A wide range of different surgical techniques are applied when placing implants under different preconditions. The summaries below show that one- and two-stage surgery, immediate placement in extraction sockets, bone augmentation and sinus lift can be successfully and predictably performed using the Astra Tech Implant System'".
Immediate provisionalization of single extraction-site implants in the esthetic zone: A clinical evaluation
Purpose: Demands continue to increase for a reduction in healing times and improvements in esthetic outcome for implant supported restorations. To this end much has been reported on the use of immediate loading protocols as well as the placement of implants directly into fresh extraction sockets, with or without the use of regenerative materials depending on the size of the residual socket defect and/or the presence of a dehiscencetype defect. This study was established to monitor success of immediate implants with immediate temporization by virtue of implant survival, maintenance of marginal bone levels and the maintenance of the interdental papilla.

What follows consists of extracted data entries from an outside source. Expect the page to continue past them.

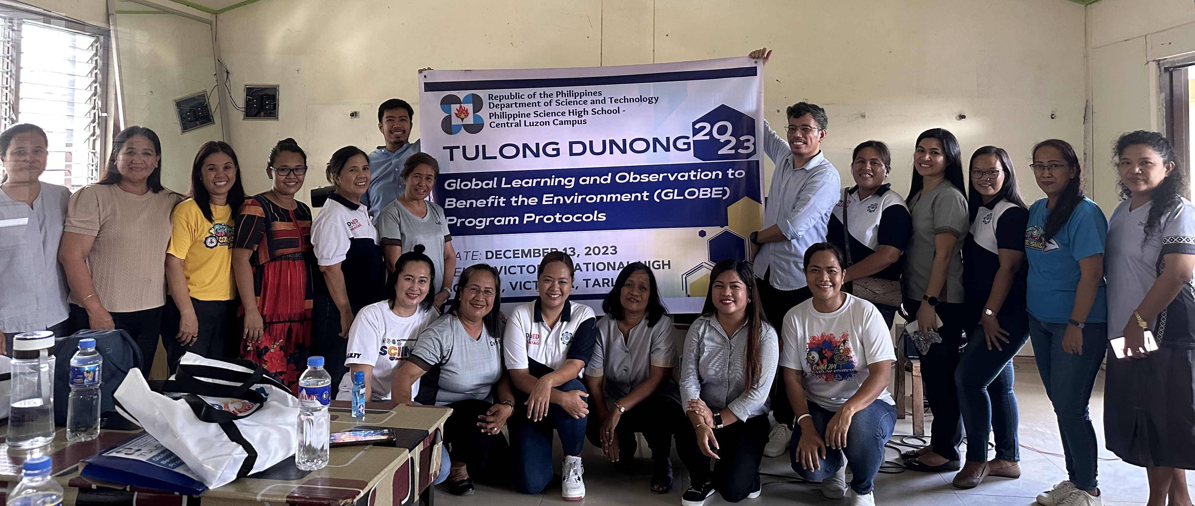 13 December 2023. The PSHS-CLC, as part of the school’s community service and outreach program aimed at capacitating schools and teachers in delivering quality STEM education, conducted a GLOBE protocol training for the Area Heads, Department Heads, and Science & Research Teachers of Victoria National High School in San Gavino, Victoria, Tarlac. The participants were oriented on the use of the GLOBE Protocols as a pedagogical tool in understanding the intricacies, interrelationships, and interdependencies of the Earth’s “Spheres” that make up the “Earth System.” The training offered teachers an alternative teaching-and-learning technique that involved teaching students how to observe the environment, collect environmental data, and share information to the global scientific community thru the GLOBE Website.
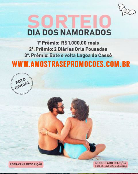 Se liga no Sorteio de dia dos Namorados que o @meumaranhao preparou pra você e seu amor… No qual vocês irão ganhar 1 prêmio no valor de R$ 1.000, 2 diárias na Orla Pousadas ou um bate e volta na Lagoa do Cassó uau só prêmio top hein! Não deixe de participar, concorra esses super prêmios.
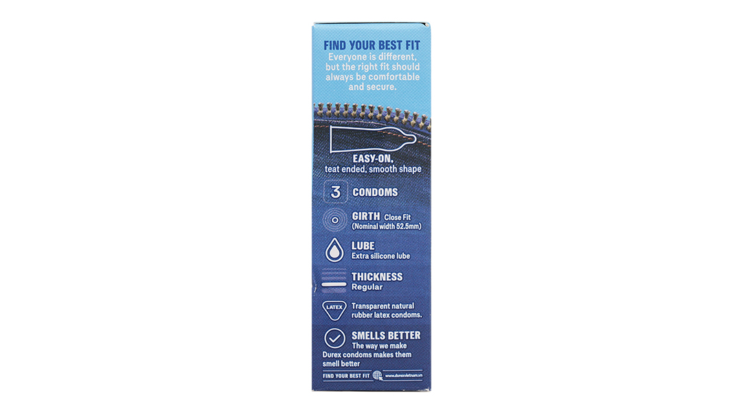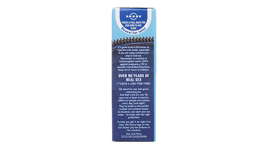 – Bao cao su Durex Jeans có thành bao láng mịn và được bôi trơn sẵn, cho cuộc yêu thêm thú vị, vẫn đảm bảo an toàn với chất lượng bạn luôn tin tưởng từ Durex.
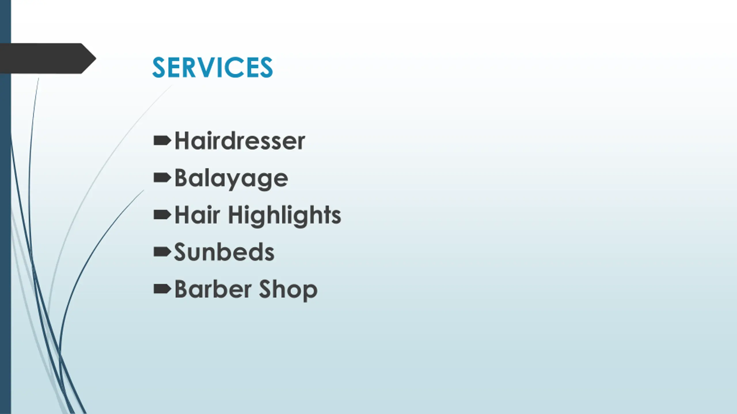 SERVICES Hairdresser Balayage Hair Highlights Sunbeds Barber Shop
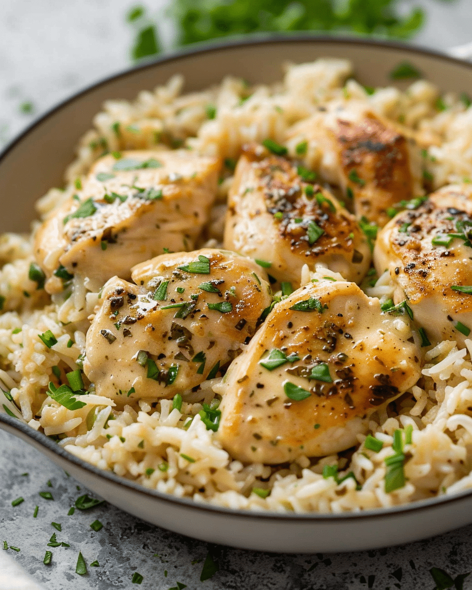 Use chicken thighs for juicier, more flavorful meat.Add mushrooms, spinach, or sun-dried tomatoes for extra texture and flavor.Substitute basmati rice with jasmine rice, couscous, or quinoa.For a lighter version, use half-and-half or Greek yogurt instead of heavy cream.Not ideal for freezing, as the cream sauce may separate.
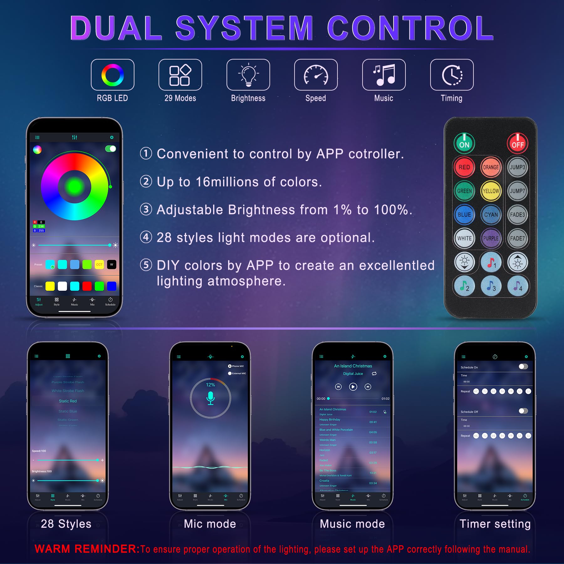 Dual Control System:This car ambient lighting kit will revolutionize your car space! Control your interior car lights through mobile app and remote controller, whether it is switching on/off the led, adjusting the brightness, or selecting your favorite hue from 16 million colors, all at your fingertips.29 dynamic modes to switch as you wish, support music rhythm and timer function, so that your led strip light change freely according to your moods and rhythms.
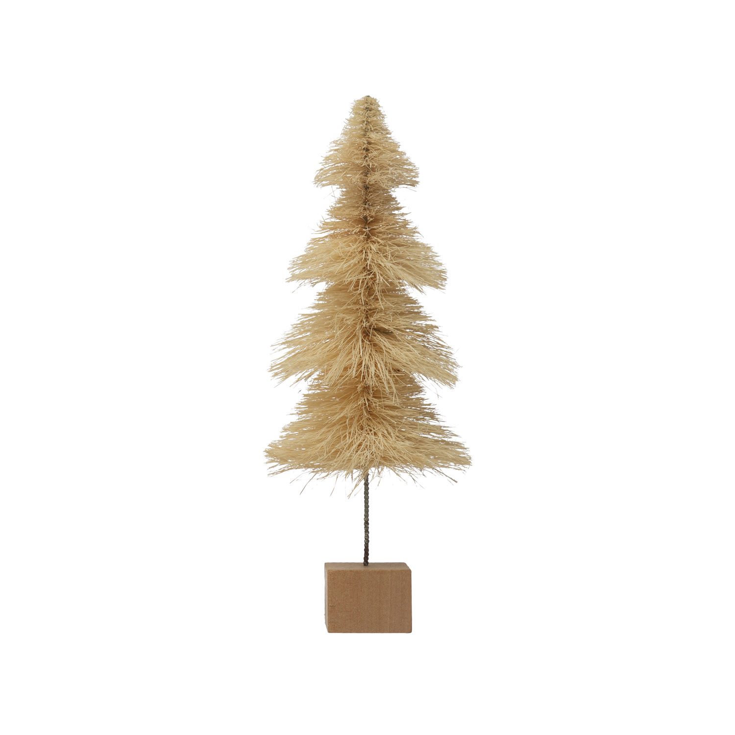 Cream colored Sisal bottle brush tree with wood base; Add to a seasonal display for a dash of whimsical holiday charm; Made from 80% Sisal, 20% Schima. Add to a seasonal display for a dash of whimsical holiday charm.
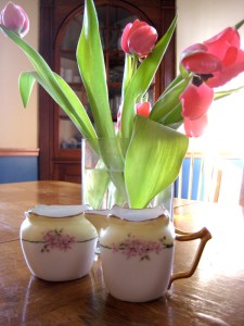 How could I have forgotten these? When I blogged about my inheritance from Papa and Granny, I forgot to include this beautiful sugar and creamer set, which Granny gave to Mom and Mom gave to me, when Nik and I got married.
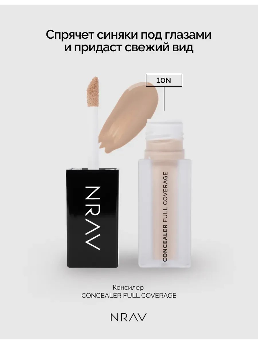 Открой для себя идеальное сочетание ухода и макияжа с нашим консилером для лица CONCEALER FULL COVERAGE из коллекции TRUE TO YOUSELF NRAV, который также подходит для глаз. Никто не узнает, что ты делала прошлой ночью. Еще одна серия, еще пара сообщений подруге, а уже рассвет. Хорошо, что есть он — перекрывающий консилер, который спрячет все следы бессонной ночи. Свежий взгляд гарантирован. Корректор высокой степени покрытия с дышащей формулой идеально ложится и не скатывается в течение дня. Способ нанесения: нанеси с помощью аппликатора на участки, которые необходимо замаскировать, и на кожу под глазами. Растушуй кистью, пальцем или спонжем. Начни с тонкого слоя и добавляй продукт по мере необходимости. Можно наносить точечно или на всё лицо. Лайфхаки: сначала нанеси тон, а после него — консилер. Он ложится строго на тональный крем, а не под него. Корректором для лица можно делать лёгкий контуринг, главное, не забывай растушёвывать средство. Используй консилер под глазами в технике 'перевернутого треугольника': нанеси продукт в форме треугольника, причем нижний угол должен находиться на щеке. Это поможет скрыть темные круги под глазами и создать эффект более высветленной зоны вокруг глаз. Наноси консилер на внутренние уголки глаз — это придаст взгляду более бодрый и открытый вид и скроет эффект усталости. Перекрывающий консилер для лица и глаз — незаменимая часть твоей косметички. Почувствуй себя уверенной и привлекательной каждый день с нашим консилером!
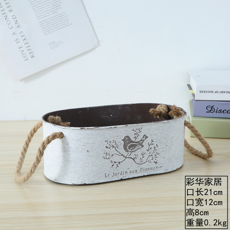 复古铁皮花盆美式风麻绳椭圆形花盆铁制金属盆多肉绿植花盆收纳盒
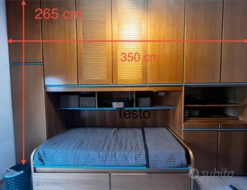 Armadio a ponte capiente che uniscono i due lati del letto singolo.
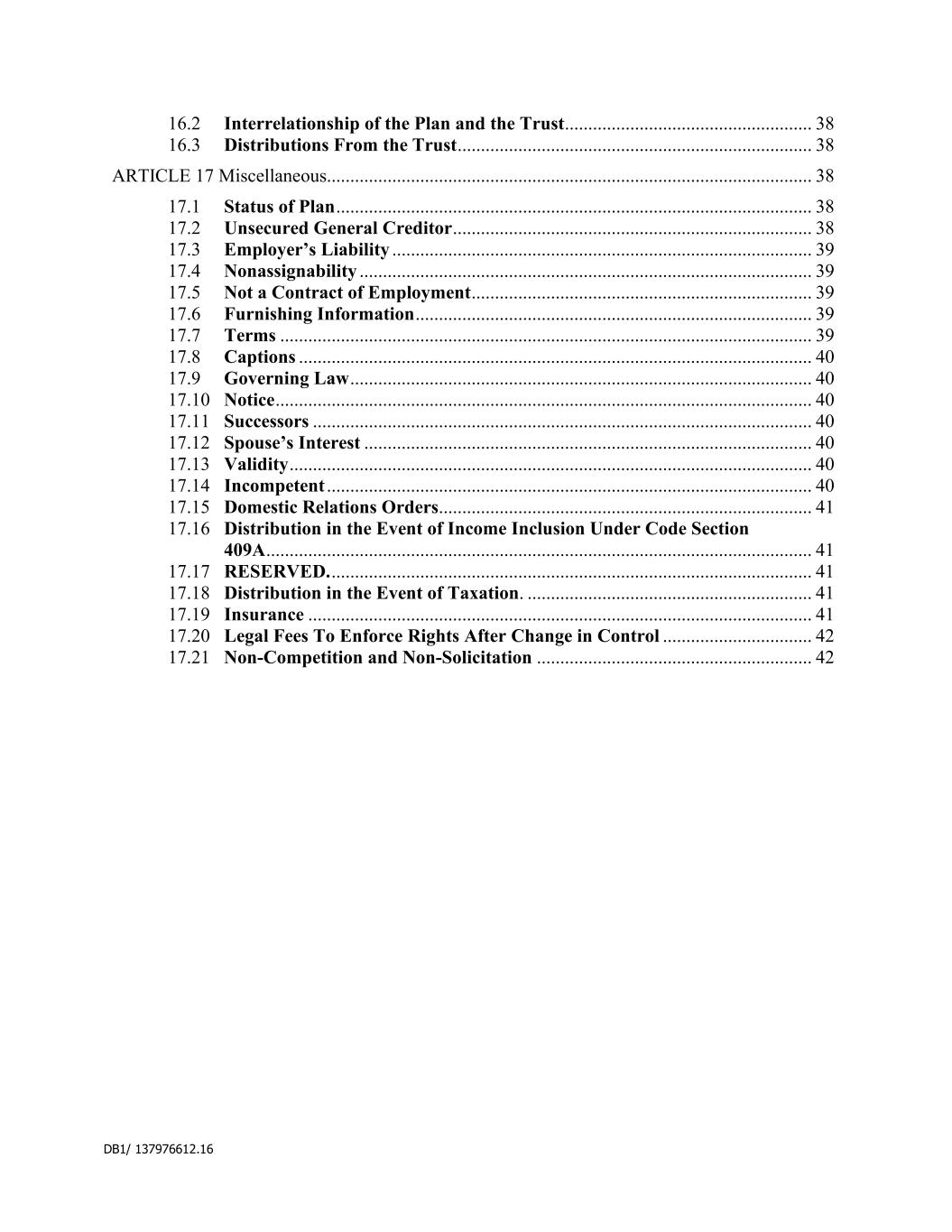 DB1/ 137976612.16 16.2 Interrelationship of the Plan and the Trust ..................................................... 38 16.3 Distributions From the Trust ............................................................................ 38 ARTICLE 17 Miscellaneous........................................................................................................ 38 17.1 Status of Plan ...................................................................................................... 38 17.2 Unsecured General Creditor ............................................................................. 38 17.3 Employer’s Liability .......................................................................................... 39 17.4 Nonassignability ................................................................................................. 39 17.5 Not a Contract of Employment ......................................................................... 39 17.6 Furnishing Information ..................................................................................... 39 17.7 Terms .................................................................................................................. 39 17.8 Captions .............................................................................................................. 40 17.9 Governing Law ................................................................................................... 40 17.10 Notice ................................................................................................................... 40 17.11 Successors ........................................................................................................... 40 17.12 Spouse’s Interest ................................................................................................ 40 17.13 Validity ................................................................................................................ 40 17.14 Incompetent ........................................................................................................ 40 17.15 Domestic Relations Orders................................................................................ 41 17.16 Distribution in the Event of Income Inclusion Under Code Section 409A ..................................................................................................................... 41 17.17 RESERVED. ....................................................................................................... 41 17.18 Distribution in the Event of Taxation. ............................................................. 41 17.19 Insurance ............................................................................................................ 41 17.20 Legal Fees To Enforce Rights After Change in Control ................................ 42 17.21 Non-Competition and Non-Solicitation ........................................................... 42

Materials and Methods: Data on implants placed in 90 patients were evaluated. Implants were required to be non-adjacent, placed into fresh extraction sockets and had to achieve a minimum insertion torque of > 40 Ncm to qualify for immediate temporization in order to guarantee adequate primary stability. Presence of local infection was an exclusion criterion although if the infection remitted within one week of extraction under antibiotic therapy implants were then inserted into the still fresh socket. Molar sites were excluded from the study. According to the need for grafting, the time of implant placement (day of extraction or one week later) and the time of provisional prosthesis delivery (which varied from the day of surgery up to 14 days post-op) four groups were established.
Surgical approach varied according to the defect type and the need for augmentation. But in general all teeth were extracted atraumatically and buccal flaps were raised, including adjacent papillae to gain direct access to sockets and associated defects. Osteotomies were located towards the palatal and implants (Astra Tech, TiOblast"") were typically located with their shoulder 3 mm below the free gingival margin or 2 mm below the adjacent cemento-enamel junction. When implants were due to be immediately temporized, abutment connection was facilitated and these abutments were definitive and not removed again. Grafting was achieved using bovine bone mineral (BioOss) and when indicated covered with a collagen membrane (BioGide). Temporary crowns were fabricated from shells relined over white plastic prefab-ricated copings. When temporization was delayed a fixture pick-up was used to register the implant position for location in a study cast and laboratory made temporary crowns were then available for insertion 1 to 2 weeks post-op. Healing abutments were located, flaps repositioned and wounds sutured.
All temporary crowns were kept clear of contacts in centric and lateral/protrusive excursions. Intra-oral radiographs were taken at baseline (day of temporization), and one year after delivery of the definitive crown which was delivered typically 3 months post-op. Cumulative Implant survival (CIS), and changes in marginal bone level (MBL) were recorded.
Results: A total of 36 implants were included in the analysis and ranged from 9 to 13 mm in length and 4.0 to 5.0 mm in diameter. Implants were in full function for an average of 2.8 years (range 1-4.1 years). Two implants were removed within 2 weeks post-op. Both these implants were associated with a dehiscence-type defect. The CIS after one year was 95.3%. There were no late failures. MBL measured 0.18 mm mesially and 0.43 mm distally. There were no signifi-cant differences between the groups. Visually 78% of implants were associated with complete papilla pres-ervation.
Discussion and Conclusion: This study supports other previous studies in that it corroborates the efficacy and success of this technique. However this study is the first to report on combining the immediate placement with local grafting of dehiscence-type defects. It is worthy of note that the two early failures were both associated with such defects and a history of infection. Nonetheless the study suggests that such cases can in general also be associated with a successful outcome, with excellent maintenance of MBLs, which are typically known to exist with this brand of implant. This in turn was seen to help support a full interproximal papilla in 78% of cases and even some hyperplasia in a further 6% of cases. It can be concluded that while the presence of local infection might jeopardize success, the need for local grafting does not appear to inhibit outcome for immediately placed implants.